Findings of lipiodol-CT. CT conducted after TAE showed lipiodol accumulation in the tumors.

Discussion

FA, which was first reported in 1927, is a bone marrow failure syndrome characterized by progressive lethal pancytopenia and skeletal abnormalities [8]. FA is attributed to chromosomal instability, and 19 genes responsible for FA have been identified to date [9, 10]. Although FANCB gene represents an X-linked deleterious mutation in FA complementation group B, the remaining FA-associated gene aberrations are autosomally inherited recessive mutations. The incidence of aplastic anemia is 80% in FA patients aged ≤10 years and 90% in FA patients aged ≤40 years [11]. The patient in the present case developed pancytopenia when she was 9 years old.

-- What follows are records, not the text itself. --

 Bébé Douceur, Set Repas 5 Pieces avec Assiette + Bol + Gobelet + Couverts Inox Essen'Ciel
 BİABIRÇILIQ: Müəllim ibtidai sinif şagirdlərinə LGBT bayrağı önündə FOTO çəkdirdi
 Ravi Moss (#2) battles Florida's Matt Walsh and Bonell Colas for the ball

One of the most significant clinical features of FA is FA-associated malignancy. Hematological malignancies are frequently observed in patients with FA, and the incidence of this phenomenon increases with age. Leukemia or myelodysplastic syndrome develops in 30% of FA patients aged ≤30 years [12]. Although these data suggest that patients with FA should undergo HSC transplantation during childhood, the outcomes associated with this approach have been less than favorable. It has recently been reported that HSC transplantation with a conditioning regimen that includes fludarabine is associated with a favorable survival [13]. In the present case, the patient did not get the opportunity to receive HSC transplantation, and she received blood transfusion and anabolic hormone therapies. Of importance, nonhematological malignancies in FA patients are also associated with a morbidity rate of 25–30%. Squamous cell carcinomas of the head and neck and gynecological malignancies are among the most frequently observed types of cancer in this context [14]. FA in the present case study was complicated by laryngeal cancer, and the patient had previously undergone a total laryngectomy. Because the risk of solid tumor development remains high even in FA patients treated with HSC transplantation, careful attention is required.

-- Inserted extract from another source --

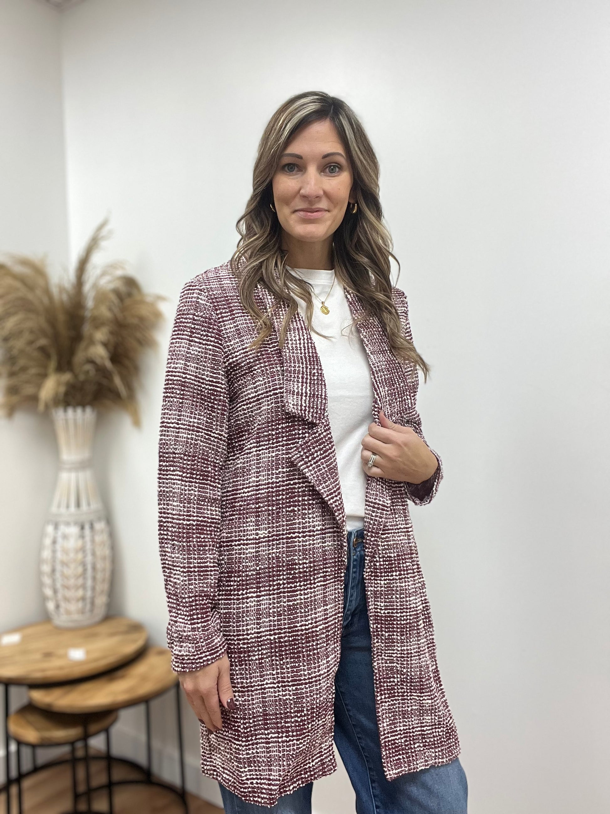 This lightweight, classic-fit midi blazer in a black and white textured tweed. Designed with an open front and mild stretch for effortless comfort and movement, this polished piece blends timeless style with modern versatility—perfect for both casual and professional looks.

It has been reported that the incidence of HCC complicated by FA is 46% by age 50 [5]. However, there are few reports describing an effective therapeutic intervention for such cases. Hepatic resection and liver transplantation from a compatible donor is an approach reported [15, 16] for patients with juvenile-onset FA presenting with relatively mild pancytopenia, a condition that may be considered advantageous. Considering that the success of radical treatment in treating HCC in patients with FA is often limited by the severity of pancytopenia, FA-related HCC is associated with a poor prognosis. In the present case, the patient presented with severe pancytopenia; therefore, neither surgery nor administration of anticancer drugs was feasible treatment options. After further consideration, replacement therapy and intravenous antibiotics were administered, and TAE was conducted to control the tumors.

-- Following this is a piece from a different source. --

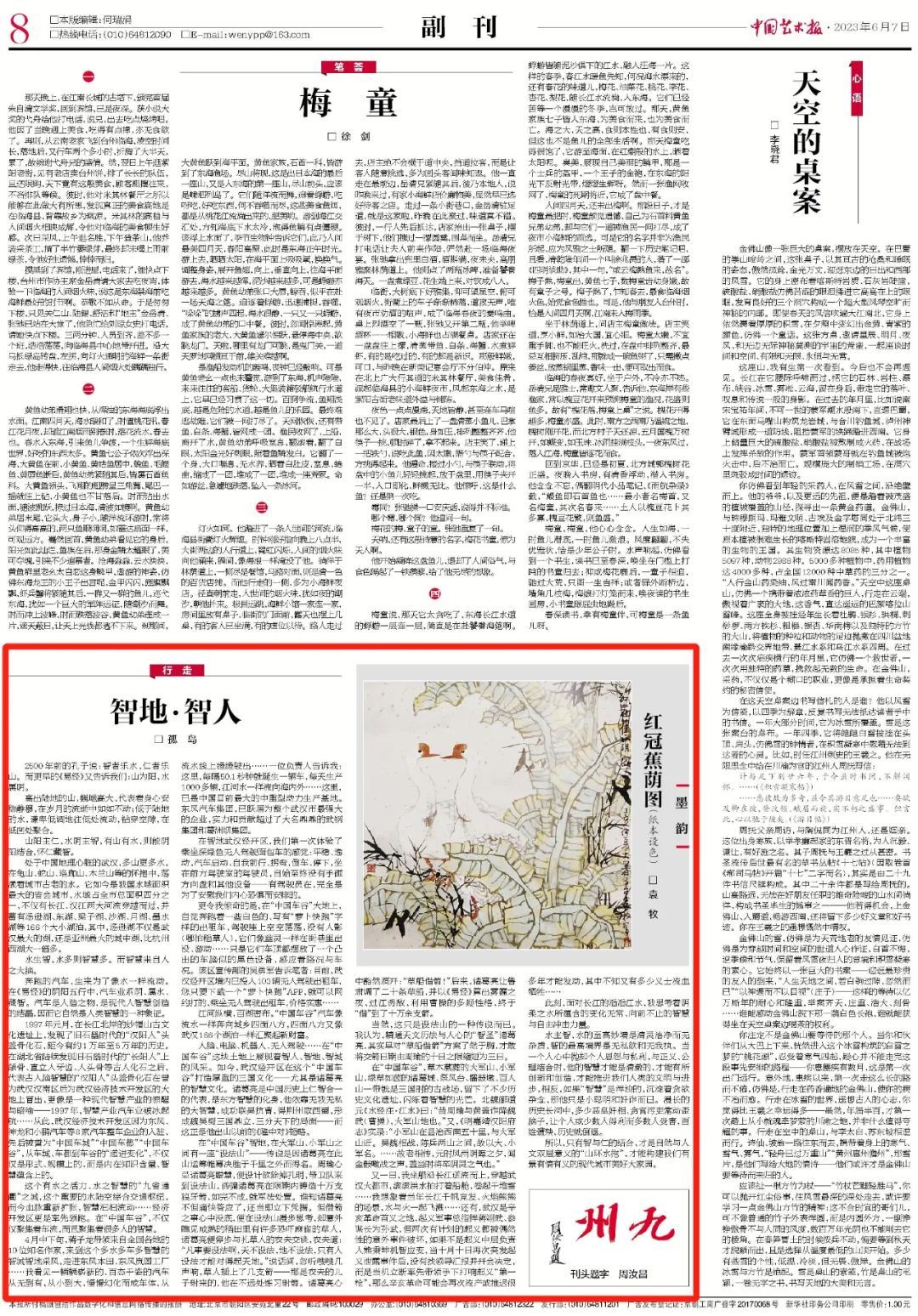4月18日—22日,蒋子龙、叶延滨、王剑冰、王兆胜、李建军、李银昭、孤岛、葛水平、胡竹峰、杨海蒂等10位中国著名作家走进武汉经开区,赏自然风光,品历史古韵,看发展新篇,书车谷胜景 。6月7日,《中国艺术报》刊载作家孤岛署名文章《智地·智人》。以下为全文转载。

In cases of aplastic anemia, including patients with FA, long-term treatment with anabolic steroids and replacement therapy with blood components is commonly implemented. However, this approach requires extreme caution because of the association of anabolic steroid hormone therapy with iron deposition and hepatocarcinogenesis [17, 18]. The patient in this report presented with iron deposition resulting from transfusion dependency and long-term treatment with anabolic steroid hormones and immunosuppressants. Iron deposition was suspected to be a contributing factor to the development of HCC. Taken together, it is necessary to pay attention to HCC development in such cases.

In conclusion, this is a first report which documents a case of HCC complicated by FA wherein the patient was successfully treated with TAE. The therapeutic approach against HCC is usually determined based on the tumor stage and hepatic reserve function. In cases of HCC complicated by FA, the selection of the appropriate therapeutic strategy should be based on a comprehensive evaluation that includes the assessment of the severity of pancytopenia, performance status, and other relevant variables.

Statement of Ethics

The authors have no ethical conflicts to disclose.

Disclosure Statement

The authors declare no conflict of interest.